**DATA SECTION:**
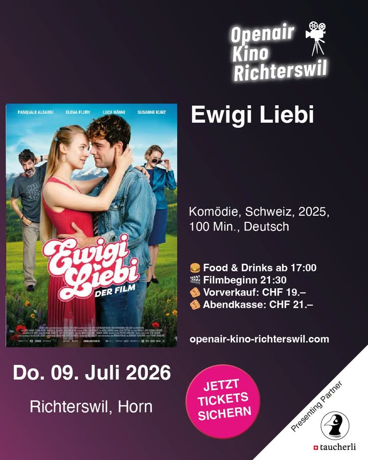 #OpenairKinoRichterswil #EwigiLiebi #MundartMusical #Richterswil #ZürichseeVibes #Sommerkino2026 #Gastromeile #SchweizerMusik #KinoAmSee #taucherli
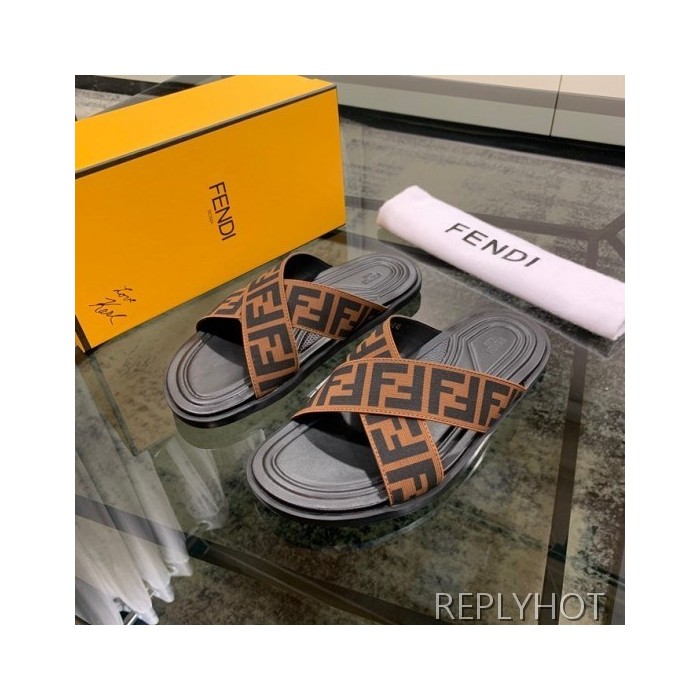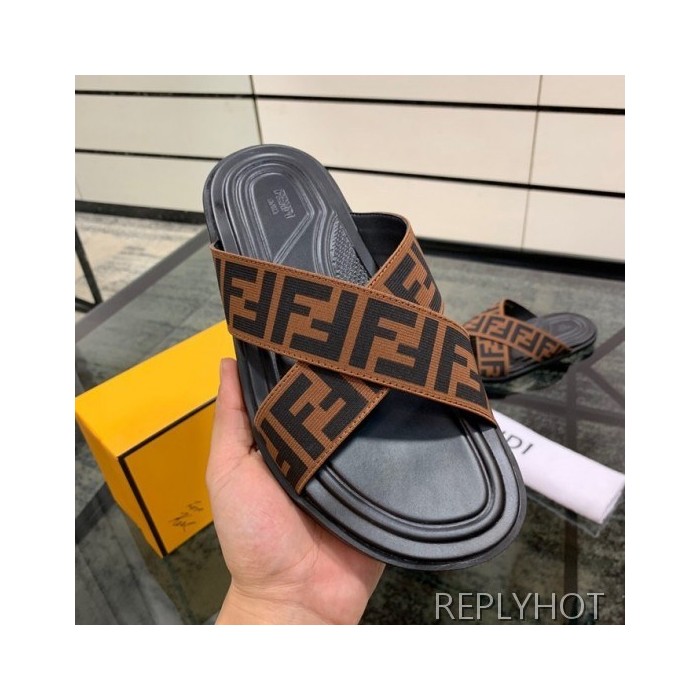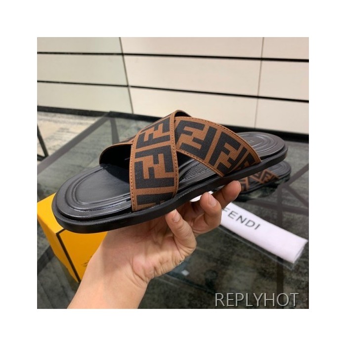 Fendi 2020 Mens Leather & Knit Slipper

...

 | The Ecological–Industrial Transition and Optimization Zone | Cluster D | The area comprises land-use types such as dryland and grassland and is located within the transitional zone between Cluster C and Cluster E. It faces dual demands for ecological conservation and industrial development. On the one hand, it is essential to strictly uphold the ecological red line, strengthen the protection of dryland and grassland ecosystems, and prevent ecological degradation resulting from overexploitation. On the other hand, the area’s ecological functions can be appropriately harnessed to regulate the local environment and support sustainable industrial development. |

**WHAT YOU NEED TO DO:** With the pictures removed from your copy, retype the lines above from the one that contains "#OpenairKinoRichterswil #EwigiLiebi #MundartMusical" through the one that contains "Fendi 2020 Mens Leather & Knit Slipper", exactly.

**EXERCISE RESPONSE:**
 #OpenairKinoRichterswil #EwigiLiebi #MundartMusical #Richterswil #ZürichseeVibes #Sommerkino2026 #Gastromeile #SchweizerMusik #KinoAmSee #taucherli
 Fendi 2020 Mens Leather & Knit Slipper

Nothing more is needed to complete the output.